• INSTRUCTIONS TO FOLLOW:
The whole listing should come back exactly as written, except for the pictures.

#### SOURCE MATERIAL ####

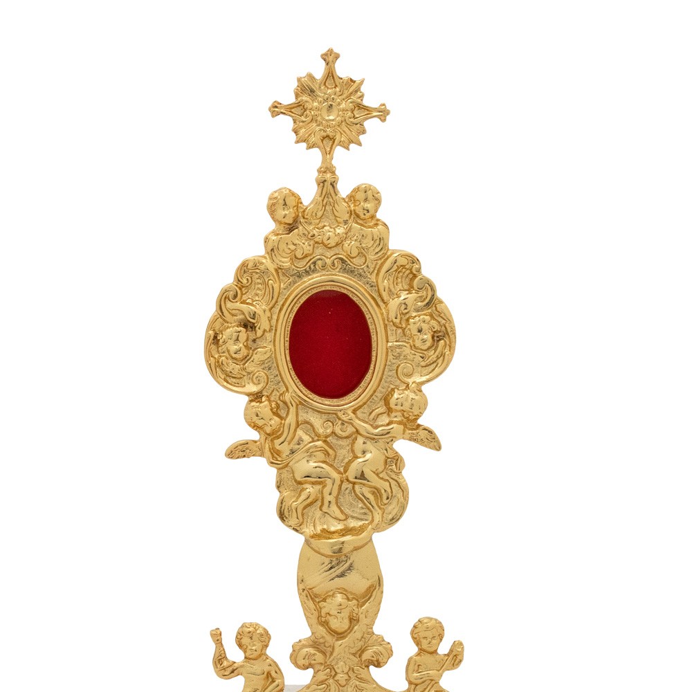Reliquary with angels decoration. Made of brass in gold finish.
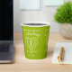 Mariage de couleur verte pardot célébrant 1 an de fête d'amour coupe de papier fête anniversaire. Célébrant 1 an d'amour, une simple ligne d'effet de pierre cardiaque graphique en blanc sur une couleur arrière - plan verte tasses personnalisées. Customisez avec votre choix de noms ou de relations, leurs dates d'anniversaire. D'autres articles correspondants sont disponibles. Le premier anniversaire du mariage est associé au péridot de pierre verte et le coeur symbolise l'amour. Graphismes originaux et design par Sarah Trett pour www.mylittleeden.com et
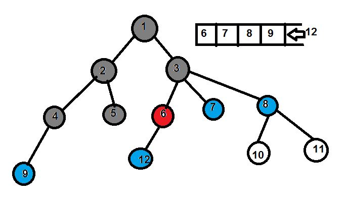 নোড সমূহ- 1, 2, 3, 4, 5, 6, 7, 8, 9, 12 । এখন কিউ এর ফ্রন্টে 10 আছে। 10 কে পপ করি । যেহেতু নোড 10 ভিজিটেড হয়ে গেছে সেহেতু ট্রাভার্সিং প্রক্রিয়া এখানে বন্ধ করি।
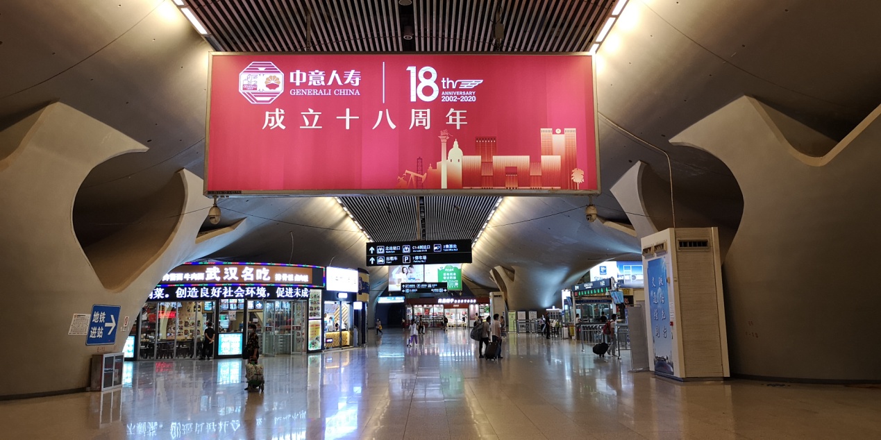 自2020年7月7日起,旅客朋友們陸續在福州、成都、武漢、杭州、洛陽、濟南、西安、南京等八地高鐵站廳內觀賞到中意人壽18周年主題廣告。

####

• ANSWER:
Reliquary with angels decoration. Made of brass in gold finish.
 Mariage de couleur verte pardot célébrant 1 an de fête d'amour coupe de papier fête anniversaire. Célébrant 1 an d'amour, une simple ligne d'effet de pierre cardiaque graphique en blanc sur une couleur arrière - plan verte tasses personnalisées. Customisez avec votre choix de noms ou de relations, leurs dates d'anniversaire. D'autres articles correspondants sont disponibles. Le premier anniversaire du mariage est associé au péridot de pierre verte et le coeur symbolise l'amour. Graphismes originaux et design par Sarah Trett pour www.mylittleeden.com et
 নোড সমূহ- 1, 2, 3, 4, 5, 6, 7, 8, 9, 12 । এখন কিউ এর ফ্রন্টে 10 আছে। 10 কে পপ করি । যেহেতু নোড 10 ভিজিটেড হয়ে গেছে সেহেতু ট্রাভার্সিং প্রক্রিয়া এখানে বন্ধ করি।
 自2020年7月7日起,旅客朋友們陸續在福州、成都、武漢、杭州、洛陽、濟南、西安、南京等八地高鐵站廳內觀賞到中意人壽18周年主題廣告。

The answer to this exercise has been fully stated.